Old 04-04-2007, 09:44 AM   #1
Registered: Dec 2005
Distribution: RHEL3, FC3
Posts: 383

Rep: Reputation: 30
iconv - why does it club and form a single character


Puzzled why does iconv convert the following in a peculiar way.

Following is the example text..
dfsønne H converu
iconv -f UTF-8 -t ISO-8859-1 < file
dfsønne H converu
ø ====>  ø
Any reason, why the two characters are clubbed together to form ø in latin1 encoded format.

Is there any pattern to be followed for iconv conversion ?

Basically my question is how does iconv select characters that are to be clubbed ( from utf-8 input ) and convert to a character ( latin1 )

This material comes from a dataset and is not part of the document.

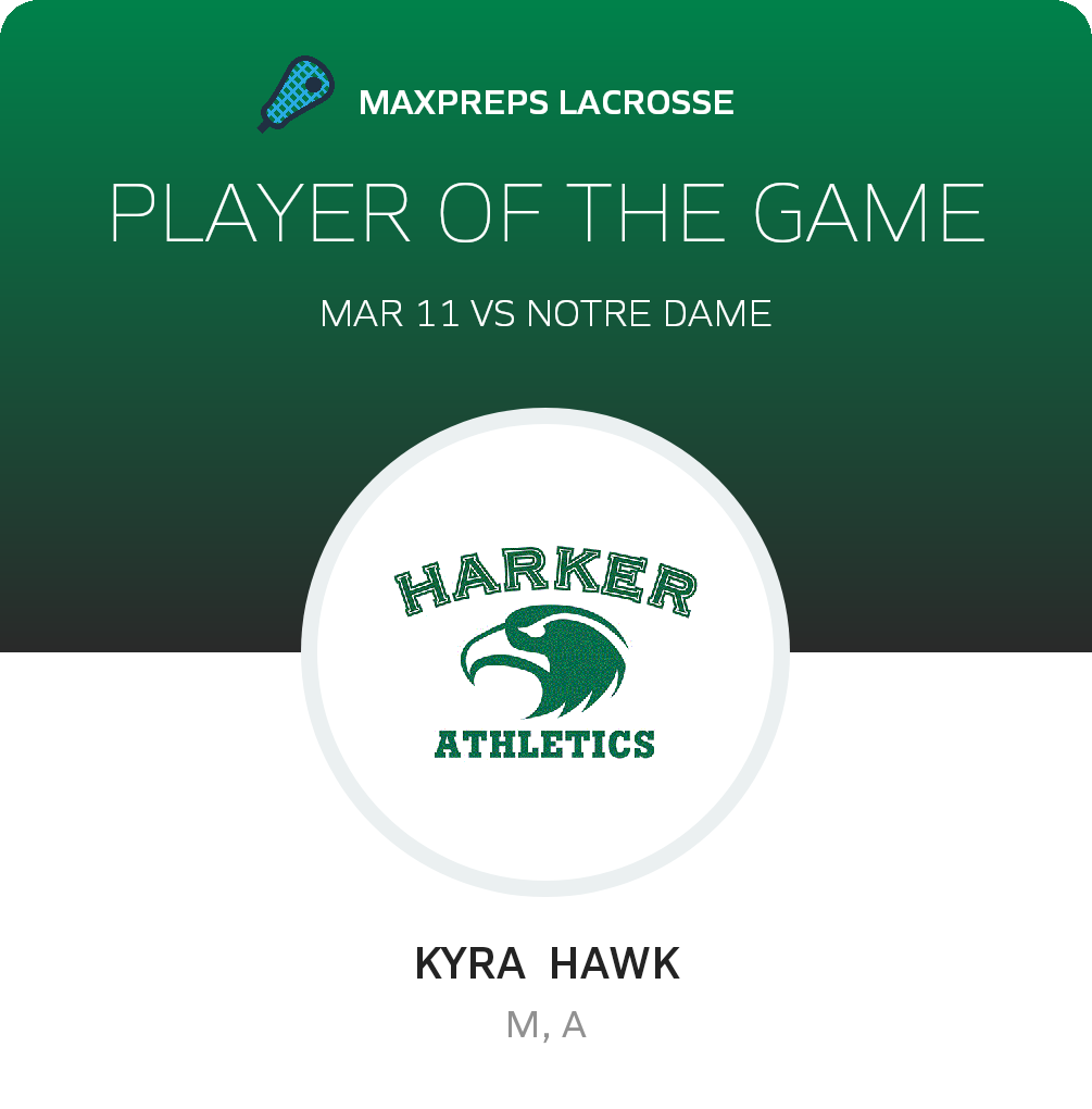 Congratulations to #15 Kyra Hawk for being selected the Harker Girls Lacrosse Player of the Game.

Any pointers, much appreciated!

Old 04-05-2007, 07:16 PM   #2
HCL Maintainer
Registered: Jan 2006
Distribution: (H)LFS, Gentoo
Posts: 2,450

Rep: Reputation: 79
The issue here is quite interesting. Iconv does not “club” your characters. What happens is that your terminal is set to display utf8, and doesn’t know the output from iconv will be in latin1. So the input “ø” (which is in utf8 0xc383 followed by 0xc2b8) get’s converted as it should be to “ø” (which is in latin1 0xc3 followed by 0xb8). Your terminal thinks stdout should be interpreted as being in utf8, so it reads this as one character 0xc3b8, which translates in utf8 to ø.